╭──

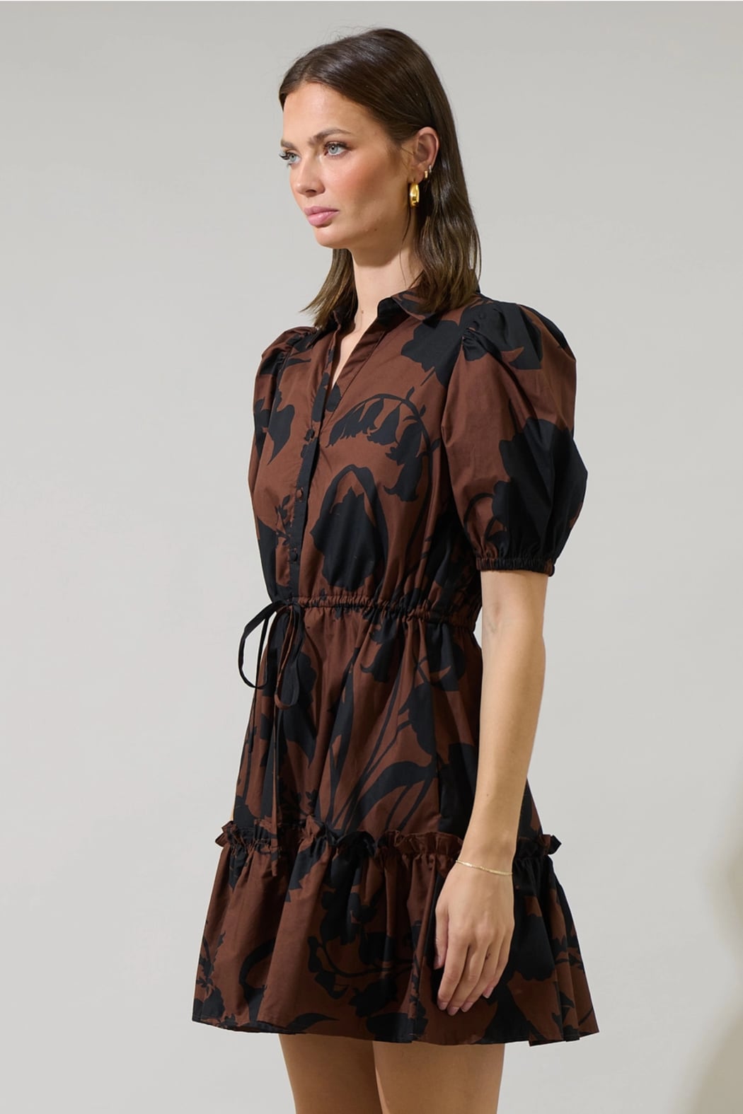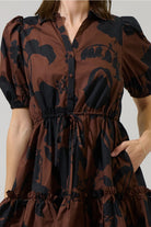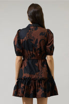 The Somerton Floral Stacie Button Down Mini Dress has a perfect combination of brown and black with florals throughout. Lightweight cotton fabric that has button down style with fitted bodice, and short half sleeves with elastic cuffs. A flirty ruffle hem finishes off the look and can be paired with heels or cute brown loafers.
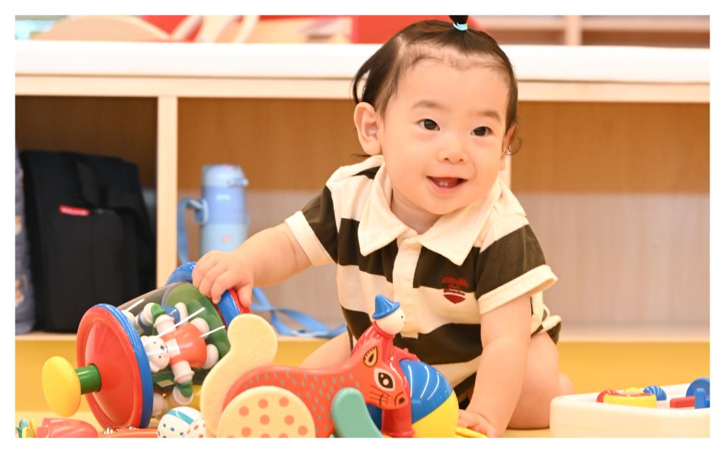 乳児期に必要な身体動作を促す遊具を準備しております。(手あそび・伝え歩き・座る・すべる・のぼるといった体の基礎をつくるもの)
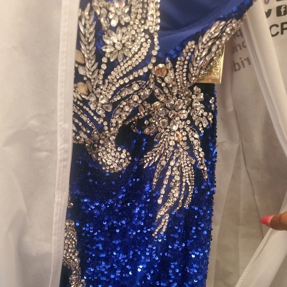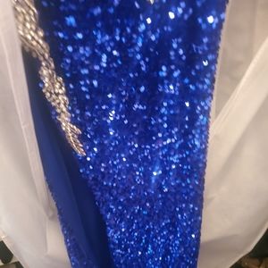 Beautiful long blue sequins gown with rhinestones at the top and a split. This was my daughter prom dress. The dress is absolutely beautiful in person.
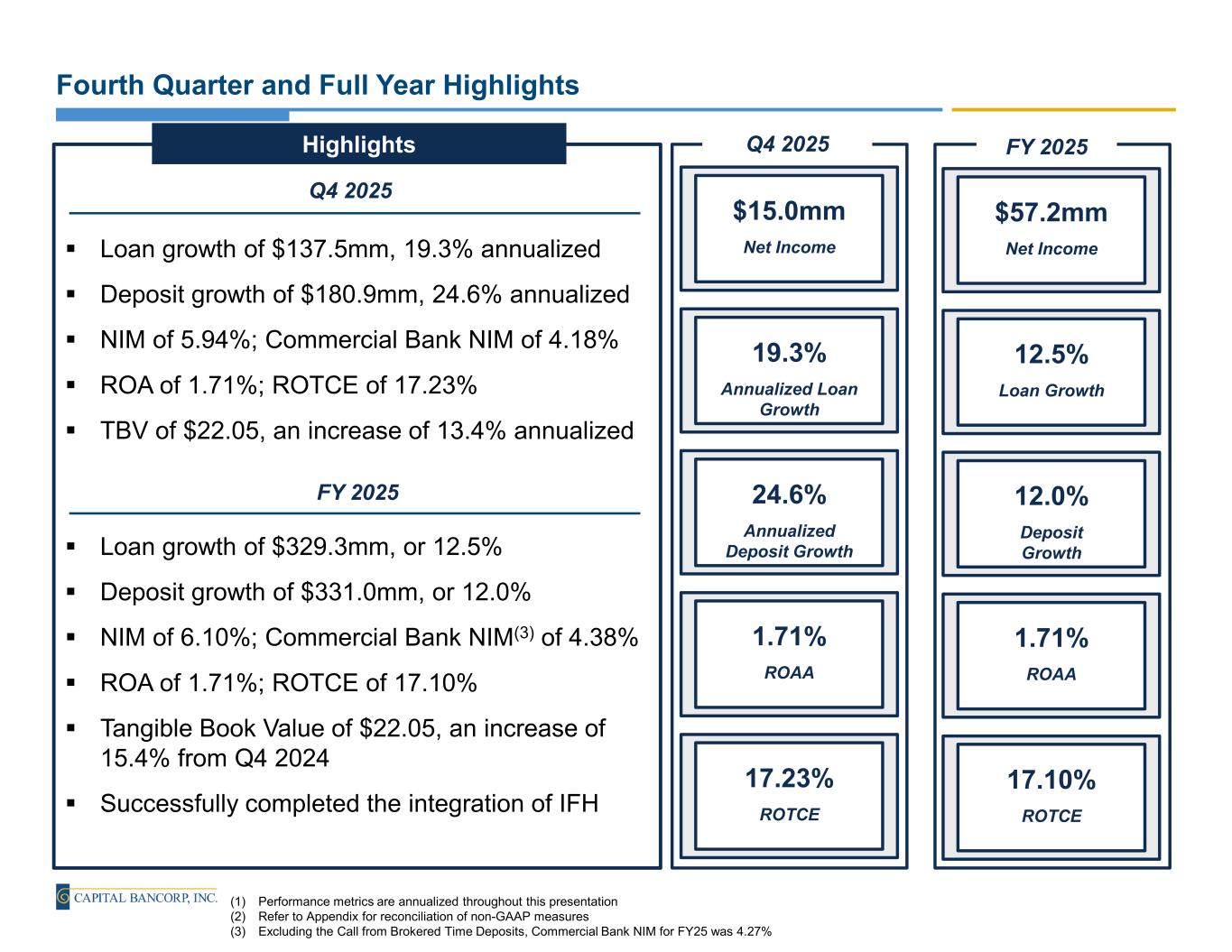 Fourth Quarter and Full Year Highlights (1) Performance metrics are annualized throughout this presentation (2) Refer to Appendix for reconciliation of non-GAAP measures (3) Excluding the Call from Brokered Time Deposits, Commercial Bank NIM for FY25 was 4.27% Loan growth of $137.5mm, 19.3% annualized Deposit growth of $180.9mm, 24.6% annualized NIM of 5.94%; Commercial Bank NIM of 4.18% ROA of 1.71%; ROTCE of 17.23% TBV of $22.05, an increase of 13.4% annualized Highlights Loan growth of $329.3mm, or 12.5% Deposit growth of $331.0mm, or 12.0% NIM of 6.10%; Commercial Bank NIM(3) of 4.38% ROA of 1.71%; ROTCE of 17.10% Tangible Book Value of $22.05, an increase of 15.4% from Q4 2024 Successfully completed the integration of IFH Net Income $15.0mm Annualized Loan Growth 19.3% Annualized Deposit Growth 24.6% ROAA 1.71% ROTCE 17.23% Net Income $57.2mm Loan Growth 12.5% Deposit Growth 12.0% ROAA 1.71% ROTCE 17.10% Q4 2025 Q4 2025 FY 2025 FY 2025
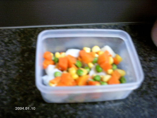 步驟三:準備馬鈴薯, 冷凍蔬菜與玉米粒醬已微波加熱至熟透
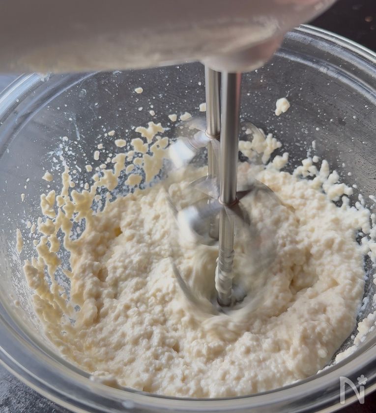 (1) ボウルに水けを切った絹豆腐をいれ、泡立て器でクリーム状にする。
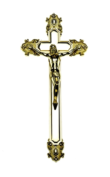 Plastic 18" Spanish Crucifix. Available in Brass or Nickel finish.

╰──
╭──

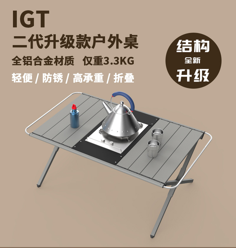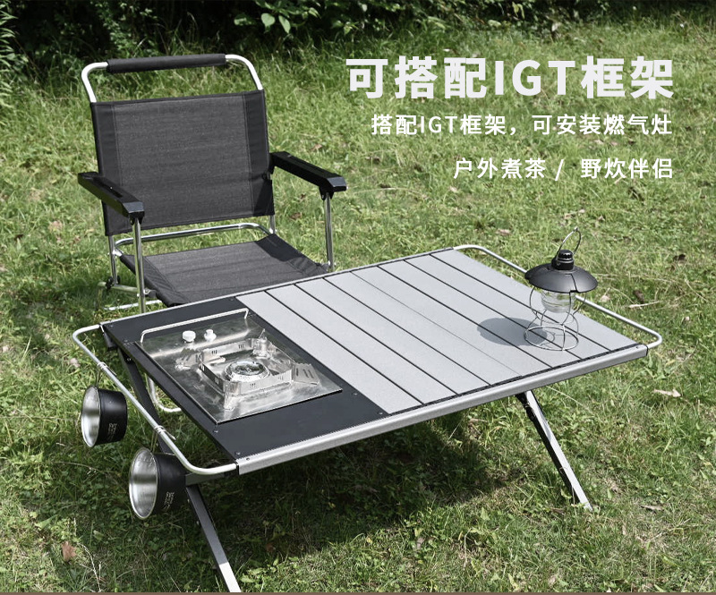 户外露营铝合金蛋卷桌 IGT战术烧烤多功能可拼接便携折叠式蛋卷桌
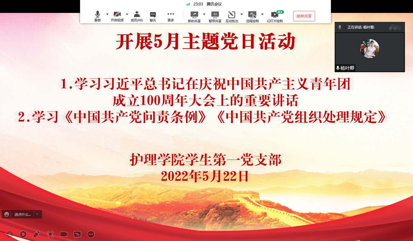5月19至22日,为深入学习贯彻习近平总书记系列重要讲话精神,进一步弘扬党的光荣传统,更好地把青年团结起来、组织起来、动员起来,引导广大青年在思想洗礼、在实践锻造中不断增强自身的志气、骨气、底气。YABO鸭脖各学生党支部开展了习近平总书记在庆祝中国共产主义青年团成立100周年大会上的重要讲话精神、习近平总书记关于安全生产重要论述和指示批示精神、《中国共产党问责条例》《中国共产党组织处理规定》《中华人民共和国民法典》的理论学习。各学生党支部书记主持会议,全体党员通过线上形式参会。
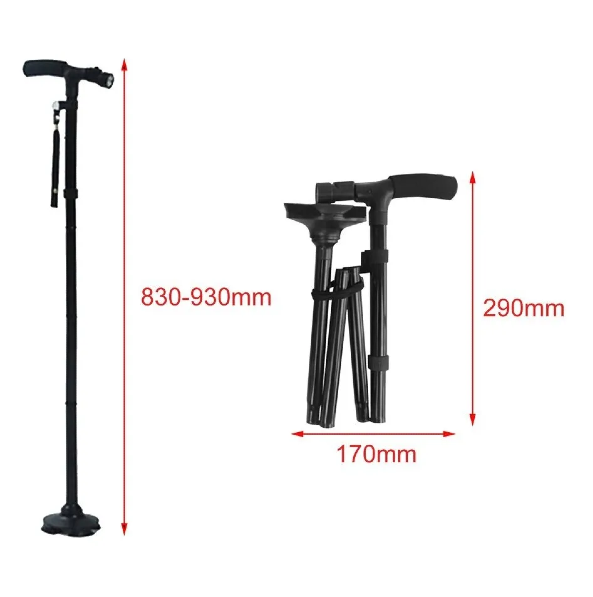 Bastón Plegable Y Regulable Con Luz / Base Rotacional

╰──

Starting with the line that has "户外露营铝合金蛋卷桌 IGT战术烧烤多功能可拼接便携折叠式蛋卷桌" and ending with the line that has "Bastón Plegable Y", repeat the lines above exactly, omitting every picture.

 户外露营铝合金蛋卷桌 IGT战术烧烤多功能可拼接便携折叠式蛋卷桌
5月19至22日,为深入学习贯彻习近平总书记系列重要讲话精神,进一步弘扬党的光荣传统,更好地把青年团结起来、组织起来、动员起来,引导广大青年在思想洗礼、在实践锻造中不断增强自身的志气、骨气、底气。YABO鸭脖各学生党支部开展了习近平总书记在庆祝中国共产主义青年团成立100周年大会上的重要讲话精神、习近平总书记关于安全生产重要论述和指示批示精神、《中国共产党问责条例》《中国共产党组织处理规定》《中华人民共和国民法典》的理论学习。各学生党支部书记主持会议,全体党员通过线上形式参会。
 Bastón Plegable Y Regulable Con Luz / Base Rotacional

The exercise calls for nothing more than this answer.